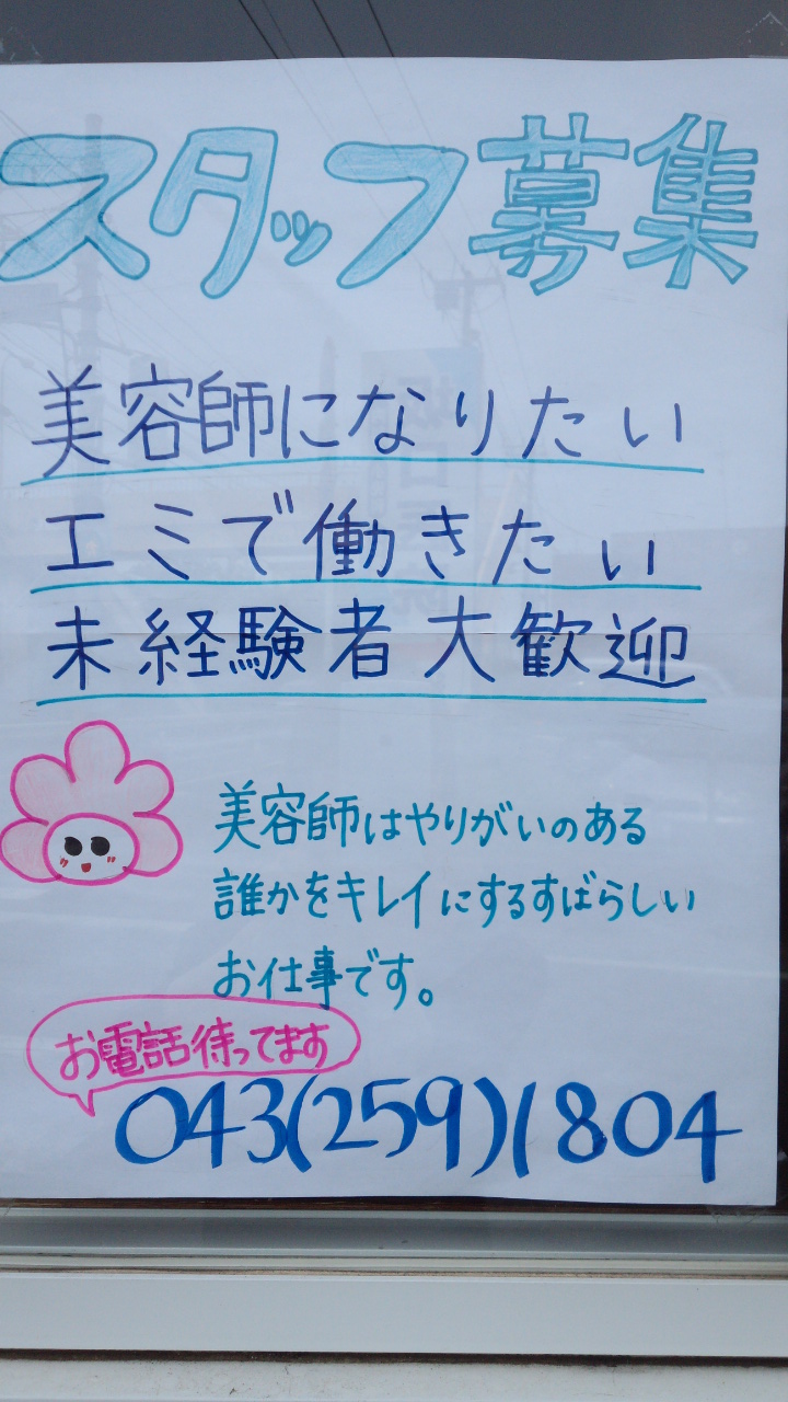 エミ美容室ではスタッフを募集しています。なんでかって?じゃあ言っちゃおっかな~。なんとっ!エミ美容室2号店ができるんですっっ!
———
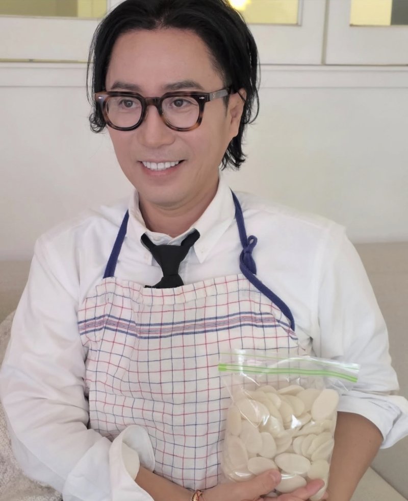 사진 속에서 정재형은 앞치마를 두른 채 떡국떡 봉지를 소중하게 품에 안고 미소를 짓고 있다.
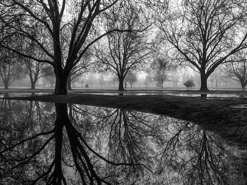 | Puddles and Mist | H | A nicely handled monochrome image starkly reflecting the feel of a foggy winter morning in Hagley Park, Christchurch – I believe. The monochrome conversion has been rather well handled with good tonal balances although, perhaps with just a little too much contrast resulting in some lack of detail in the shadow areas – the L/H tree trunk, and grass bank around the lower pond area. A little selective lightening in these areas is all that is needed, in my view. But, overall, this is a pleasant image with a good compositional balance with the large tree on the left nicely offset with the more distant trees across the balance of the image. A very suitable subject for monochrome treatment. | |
———
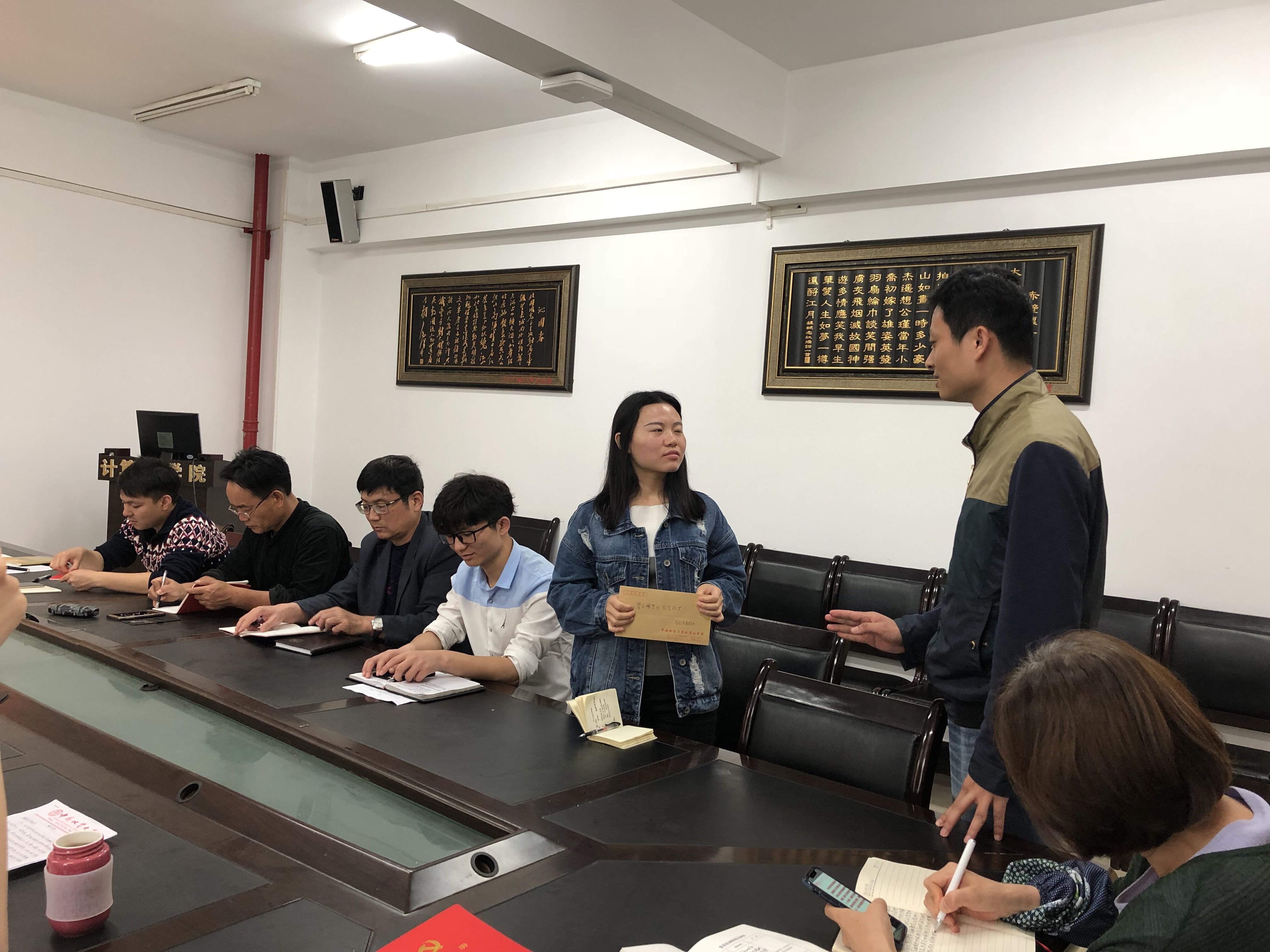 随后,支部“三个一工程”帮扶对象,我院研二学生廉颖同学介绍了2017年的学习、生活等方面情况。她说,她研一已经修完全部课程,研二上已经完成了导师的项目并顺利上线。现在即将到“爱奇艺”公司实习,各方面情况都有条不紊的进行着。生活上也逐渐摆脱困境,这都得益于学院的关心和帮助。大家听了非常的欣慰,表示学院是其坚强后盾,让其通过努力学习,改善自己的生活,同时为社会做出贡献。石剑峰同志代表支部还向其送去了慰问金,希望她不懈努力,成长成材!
———
# WHAT THE TASK REQUIRES
Out of the records above, set down only the lines from the one that contains "사진 속에서 정재형은" through the one that contains "treatment. | |", unchanged and without the pictures.

# OUTPUT OF THE TASK
 사진 속에서 정재형은 앞치마를 두른 채 떡국떡 봉지를 소중하게 품에 안고 미소를 짓고 있다.
 | Puddles and Mist | H | A nicely handled monochrome image starkly reflecting the feel of a foggy winter morning in Hagley Park, Christchurch – I believe. The monochrome conversion has been rather well handled with good tonal balances although, perhaps with just a little too much contrast resulting in some lack of detail in the shadow areas – the L/H tree trunk, and grass bank around the lower pond area. A little selective lightening in these areas is all that is needed, in my view. But, overall, this is a pleasant image with a good compositional balance with the large tree on the left nicely offset with the more distant trees across the balance of the image. A very suitable subject for monochrome treatment. | |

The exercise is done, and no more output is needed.